> **What is needed**
The first line of the entries is where the copy starts and the line with "The vines draping" is where it ends; set down each line exactly, both ends included, and drop pictures.

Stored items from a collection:

* * * *

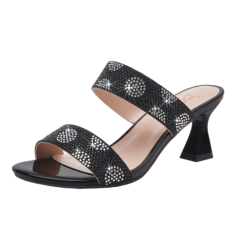 2025新品夏季高跟女凉鞋时尚水钻气质女凉拖外出穿拖鞋女一字凉鞋
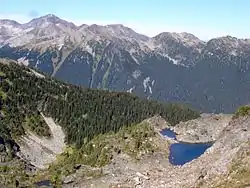 Cirque of Tarns above Caligata Lake. Trophy Mountain behind.
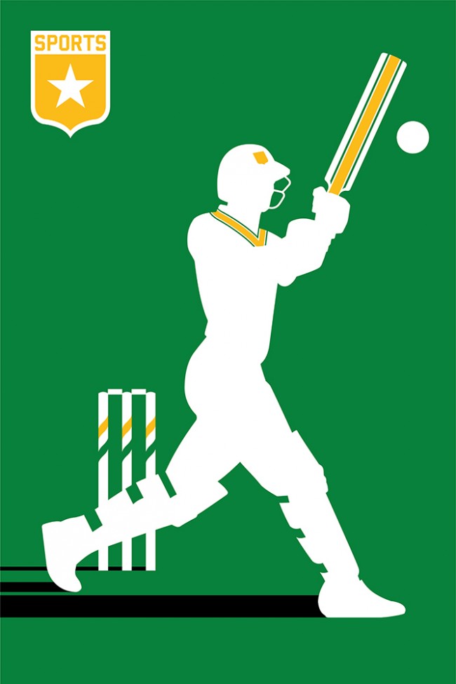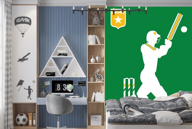 Cricketer on Green Wall Mural by Bo Lundberg
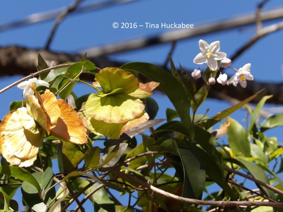 The vines draping the frame are Potato Vine, Solanum laxum on the left side, and Mexican Butterfly Vine, Mascagnia macroptera, on the right.
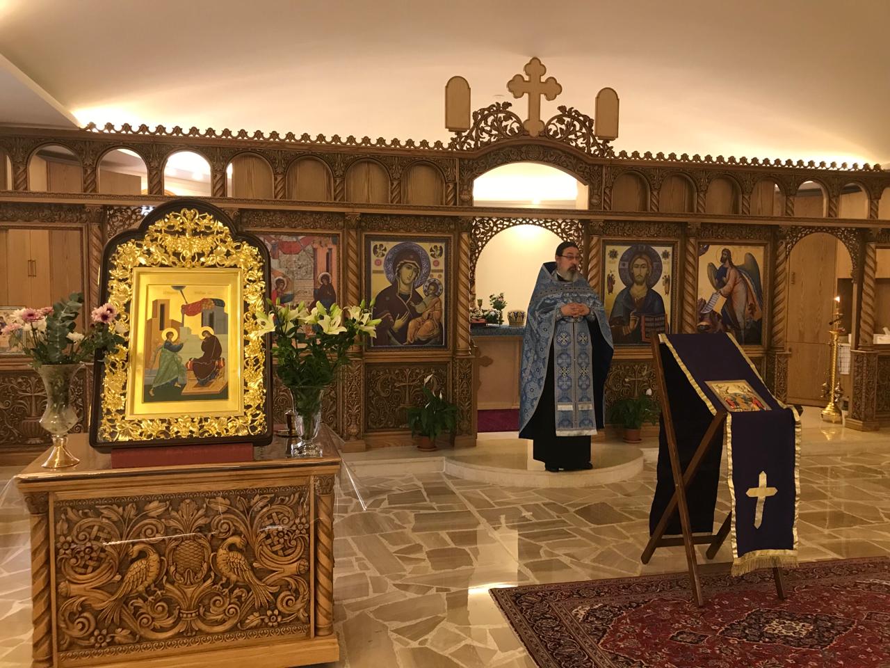 В субботу, 6 апреля, накануне престольного праздника в храме Благовещения Пресвятой Богородицы была совершена Воскресная вечерня. Богослужение совершил архимандрит Филипп . После отпуста Вечерни настоятель Подворья произнёс проповедь на тему праздника и помазал прихожан елеем.
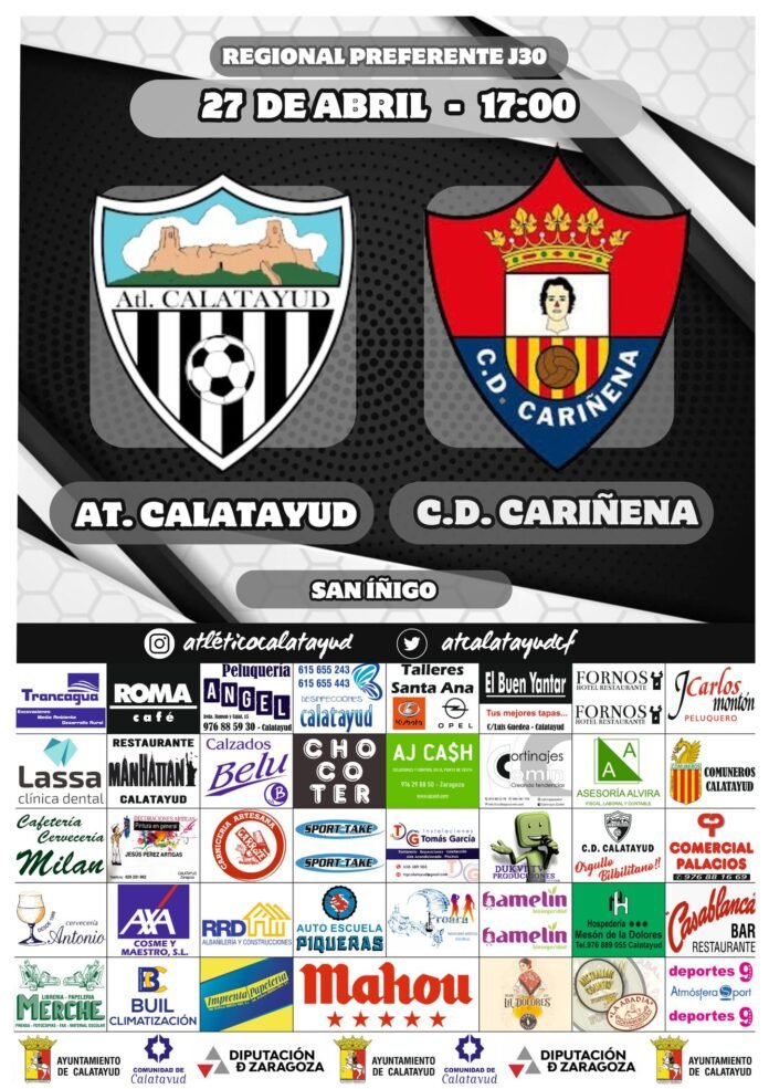 Nueva jornada de liga este próximo domingo en el Estadio Municipal San Iñigo de Calatayud. El conjunto bilbilitano que dirige Sergio Pérez “Willy” recibe al líder del grupo 2 de la Regional Preferente Aragonesa, el CD Cariñena, en una gran fiesta del fútbol.
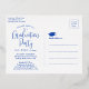 Announce a high school or college graduation and invite family and friends to the party with custom 3 photo collage royal blue, white and gold foil invitation postcards. All pictures and wording are simple to personalize and the colours are easy to change with the Zazzle design tool. This template is set up as a combination announcement card and party invitation that can be customized with any details of your choice, such as parents' names, special honours, degree title, favourite inspirational quote, graduate's future plans or new address. The royal blue, white and gold design features a mortar board cap, modern trendy script calligraphy, elegant minimalist typography, and three favourite photos, such as senior pictures or images from the commencement ceremony. This graduation postcard is a stylish way to announce a special day celebration. Congratulations to the graduate!
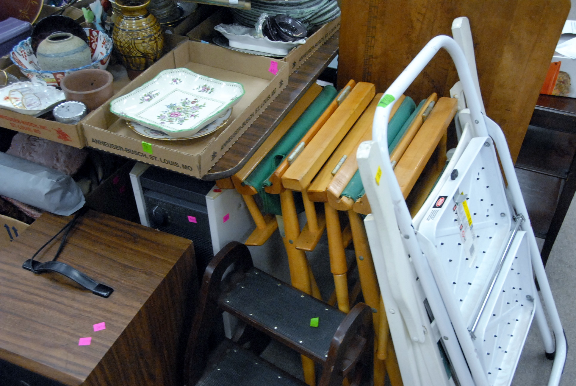 On top and below table to include books, miscellaneous glass and china, marble top stand, suitcase, spool bed, outdoor chair, bench, two air purifiers.
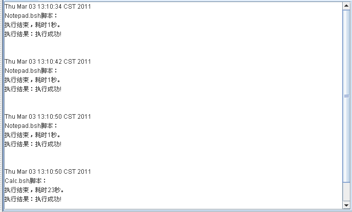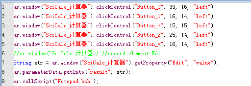 下面是一段計算器的腳本。前面五句做了一個加法操作,第七句是得到計算器的計算結果,第八句是用putInto命令將結果保存到名為result的變量用,變量名可以任取,其中parameterData是一個ParameterData類型的全局變量。第九句是調用Notepad.bsh記事本腳本。
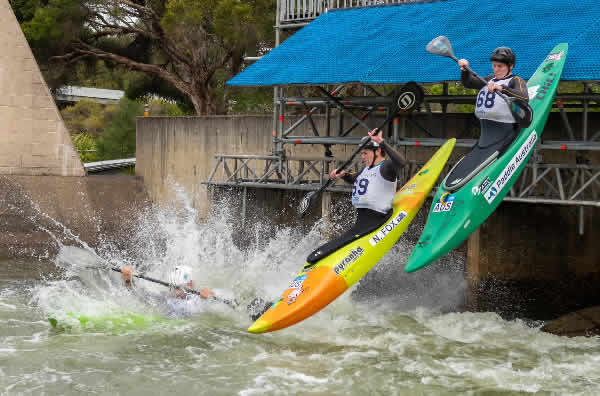 Extreme Slalom (Kayak Cross) Extreme Slalom (KayakCross) is set to make its Olympic debut at the Paris Olympic Games. Action at the Penrith Open.
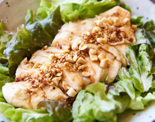 고단백 저지방의 닭 가슴살을 전자레인지로 요리한 닭입니다. 누구에는 간의 기능을 높이거나 보호하는 작용이 있으며 깨를 사용. 토핑의 땅콩에는 간을 정상화시키는 비타민 B1이 다량으로 포함되어 있습니다. 참깨나 땅콩류는 양념장 등에 비비면 맛의 조화가 좋아 추천하는 음식입니다.
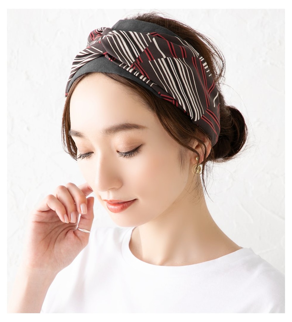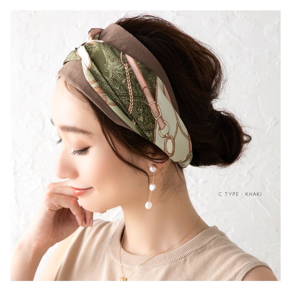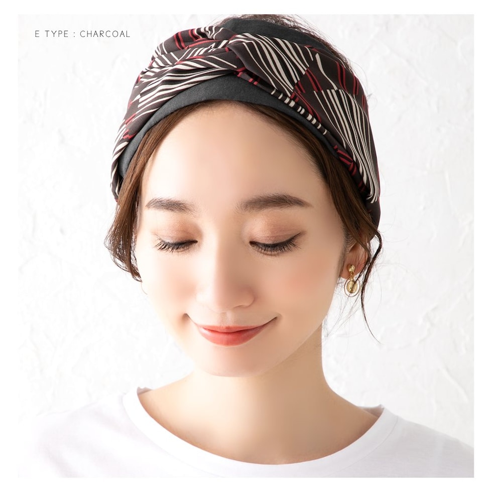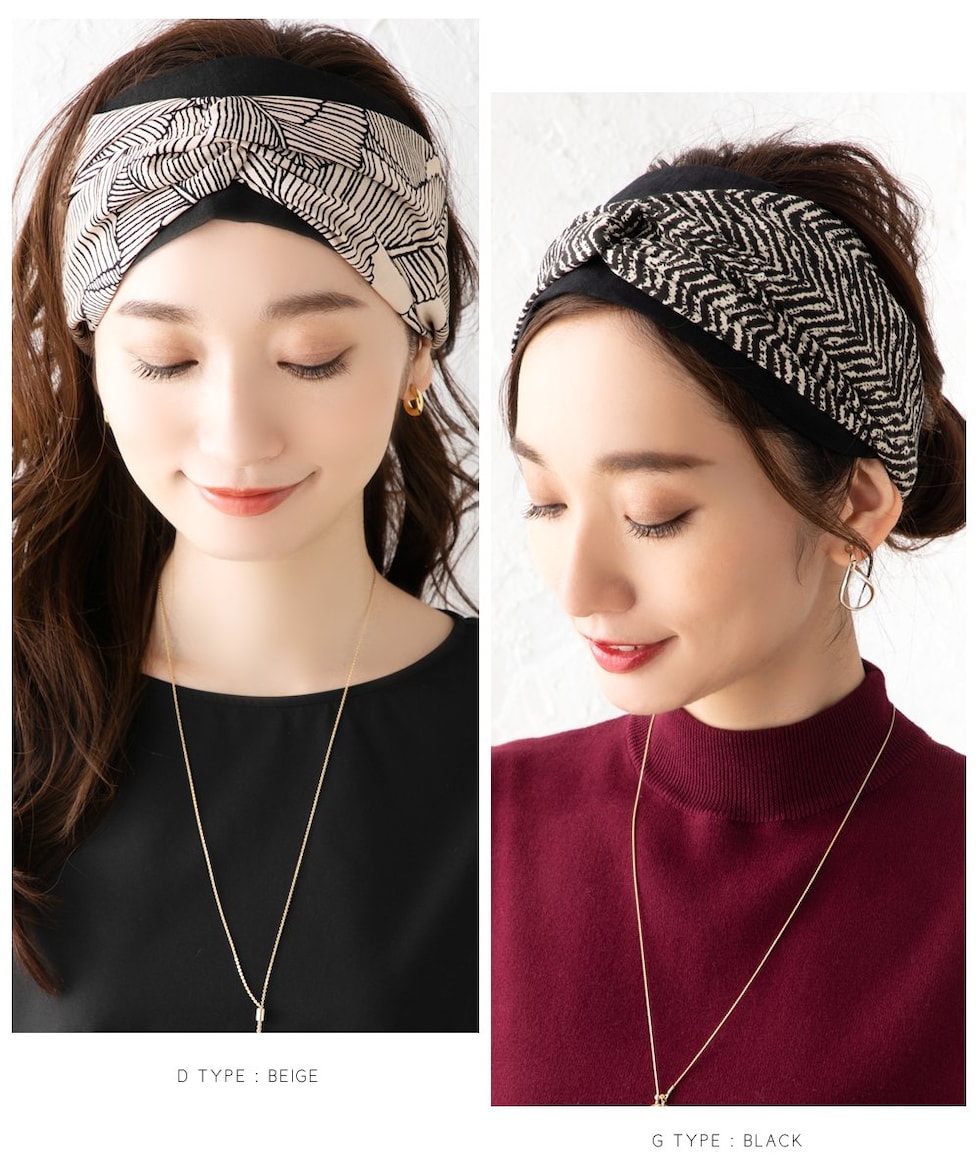 ヘアアクセサリー レディース 13色 ヘアターバン ヘアバンド 幅広 クロス ツイスト スカーフ マルチ 柄 cream dot ゆうパケット [D:ブラック_ワンサイズ]
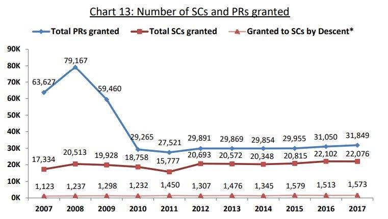 新加坡每年会增加15 000到25 000的新公民名额,大部分是给那些在新加坡组建家庭,或者长期在新加坡读书、工作或生活的人。其中的7%,也就是约1600个名额,给了那些新加坡人在国外生的小孩。在2017年,PR人数增加了31 849。这些新的永久居民中,有60.1%的人来自东南亚,31.8%来自亚洲其他国家,以及 8.1%来自亚洲以外的地区。
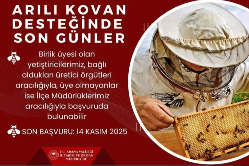 Adana İl Tarım ve Orman Müdürlüğü, kentteki arı üreticilerine yönelik "arılı kovan desteği" programı için son başvuru tarihi uyarısında bulundu. Müdürlük, destekten faydalanmak isteyen üreticilerin müracaatlarını bugün mesai bitimine kadar tamamlamaları gerektiğini hatırlattı.
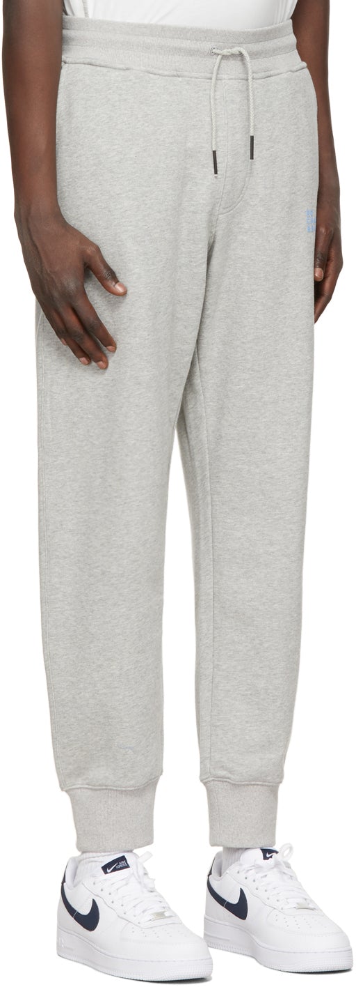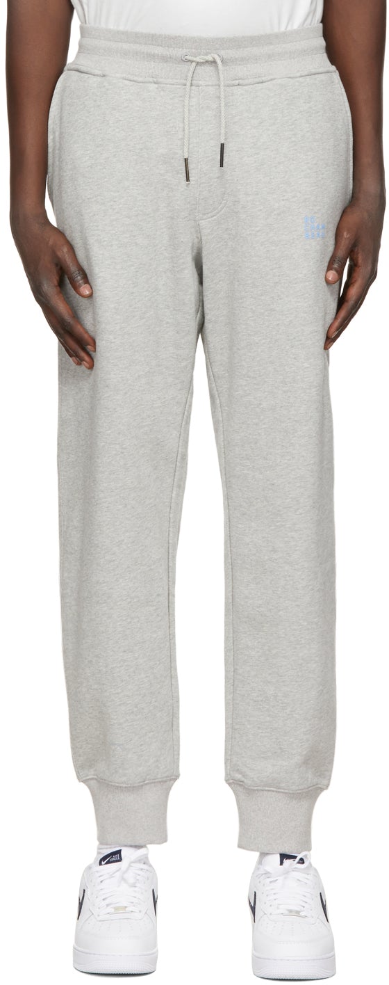 Tapered French terry lounge pants in heather grey. Mid-rise. Three-pocket styling. Drawstring at elasticized waistband. Bonded logo in blue at front leg. Elasticized cuffs. Mock-fly. Supplier color: Heather grey 100% cotton. Brand: Rochambeau
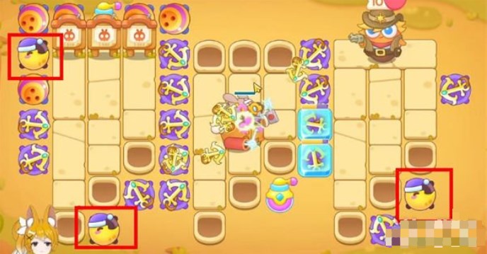 2.钱袋周围道具打掉,继续放置船锚,再放毒气瓶,然后开启三个宝箱;
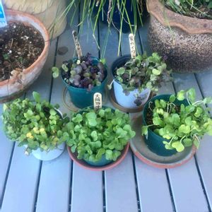 カイワレ大根栽培サイクルⅡ-196。昨日紫カイワレ大根を一部収穫しました。
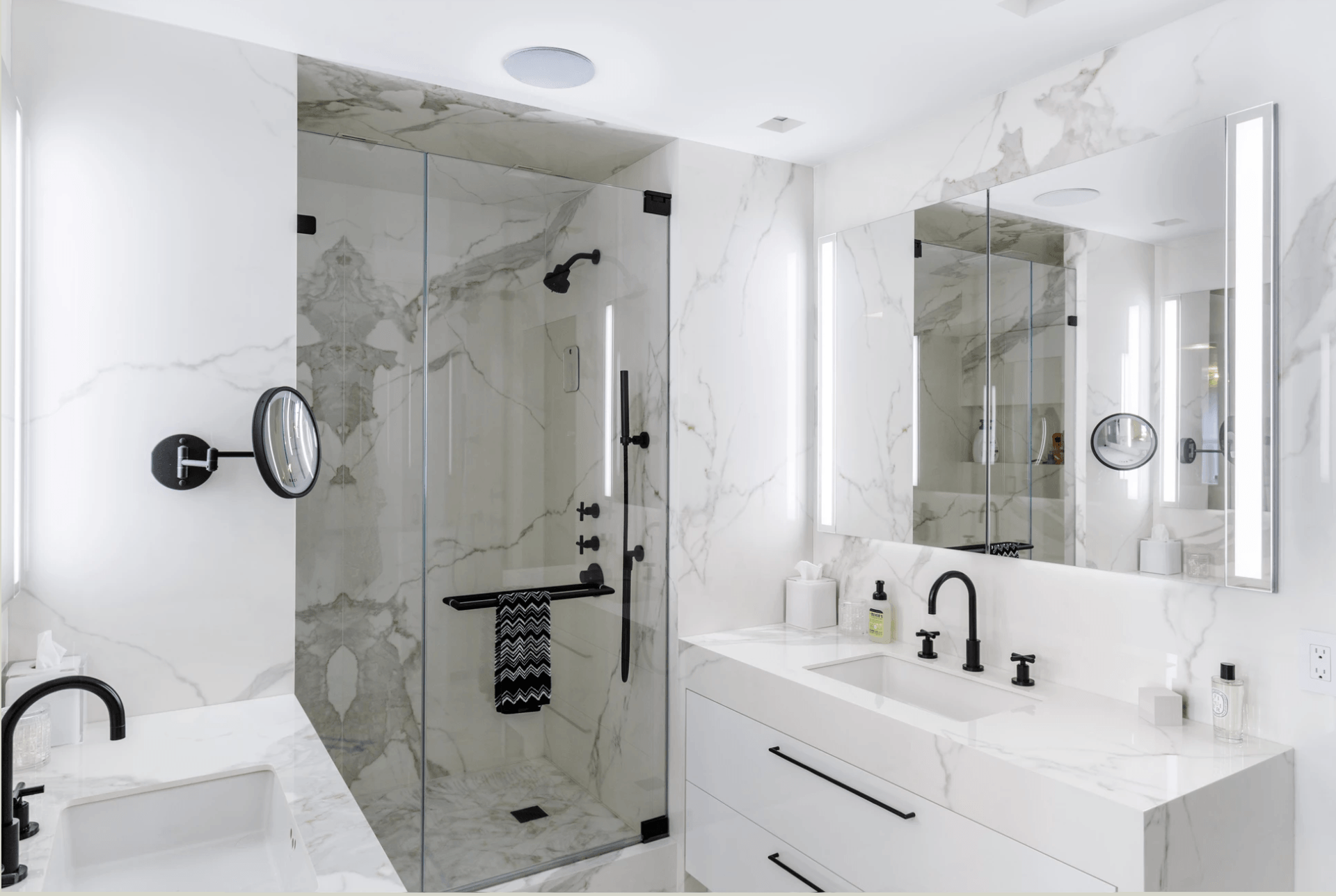Marine grade water resistant bathroom in-ceiling Paradigm speakers for music in every room. Powered by Sonos and Control4

* * * *

> **Written response**
 2025新品夏季高跟女凉鞋时尚水钻气质女凉拖外出穿拖鞋女一字凉鞋
 Cirque of Tarns above Caligata Lake. Trophy Mountain behind.
 Cricketer on Green Wall Mural by Bo Lundberg
 The vines draping the frame are Potato Vine, Solanum laxum on the left side, and Mexican Butterfly Vine, Mascagnia macroptera, on the right.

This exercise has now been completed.